GNU Radio is a very simple idea, somewhat akin to the idea of winmodems: take the job performed by special-purpose hardware and handle it in software. The hardware GNU Radio wishes to aid is radio hardware. What this means is that instead of needing special hardware to, say, perform FM demodulation or output a sine wave to a computer speaker or show an FFT display of analog DC input, you can use simple and cheap hardware and let your computer's CPU do the rest. Thanks to the miraculous workings of Moore's Law, it is possible for someone without huge amounts of money to process digital signals however they want (or however they can program).

This could also lead to the manufacture of very cheap wireless cards. Such a card could function as an IEEE 802.11b card, or use Bluetooth, or whatever other wireless protocols people can come up with, without having to upgrade hardware.

Of course, this could lead to a horrible mess of software incompatibility and drivers not being available for any operating systems except Windows, but the GNU Radio developers are hoping to avoid this hazard by making the source code available to anyone under GPL.
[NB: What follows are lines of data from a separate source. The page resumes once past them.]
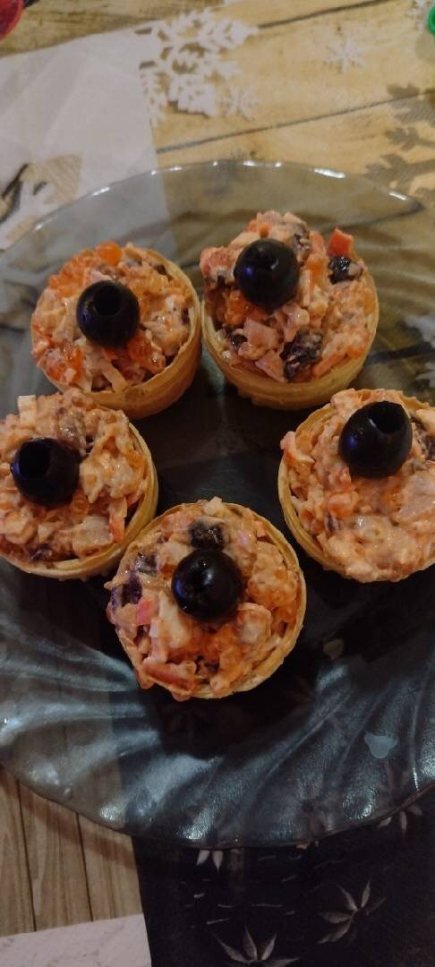 Ингредиенты: Тарталетки, Чернослив, Свинина, Икра красная белковая, Крабовые палочки, Майонез, Оливки, Сыр Способ приготовления: Свинину отварить до готовности мелко порезать добавить мелко порезанные чернослив и крабовые палочки сыр добавить икру перемешать заправить майонезом заполнить тарталетки и украсить оливками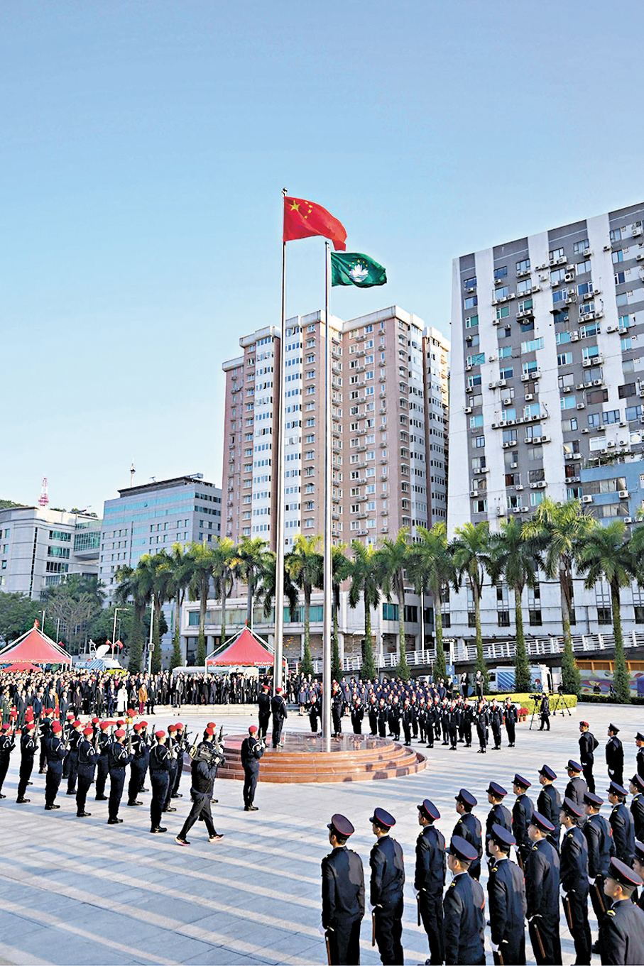 澳門特別行政區第六任行政長官岑浩輝、中央政府駐澳門聯絡辦公室主任鄭新聰、外交部駐澳門特派員公署特派員劉顯法、中國人民解放軍駐澳門部隊司令員于長江,及特別行政區政府主要官員,與澳門各界人士一同觀禮。 ●圖:新華社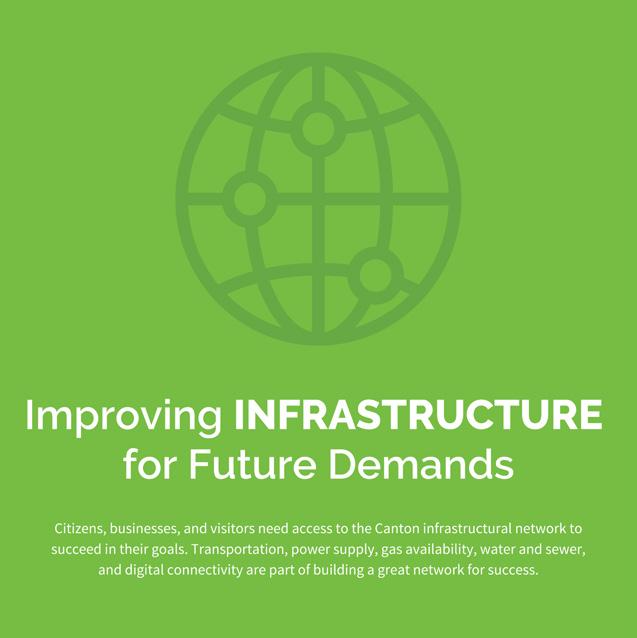 Citizens, businesses, and visitiors need access to the Canton infrastructural network to succeed in their goals. Transportation, power supply, gas availability, water and sewer, digital connectivity are part of building a great network for success.

There is another issue that makes winmodems evil which GNU Radio mostly sidesteps. By offloading the tasks performed by special hardware in real modems to the CPU, winmodems can seriously slow down your computer for a trivial task that could have been easily performed by a couple cheap chips in the modem. For the tasks that GNU Radio performs, the special-purpose hardware is anything but cheap or trivial. It is assumed that anyone who wants to, say, broadcast their DivX collection over the radio on some channel that isn't being used will not try to run GNU Radio in the background while doing other thing like playing Quake. The benefits outweigh the evil, if only people don't assume guilt by association with winmodems.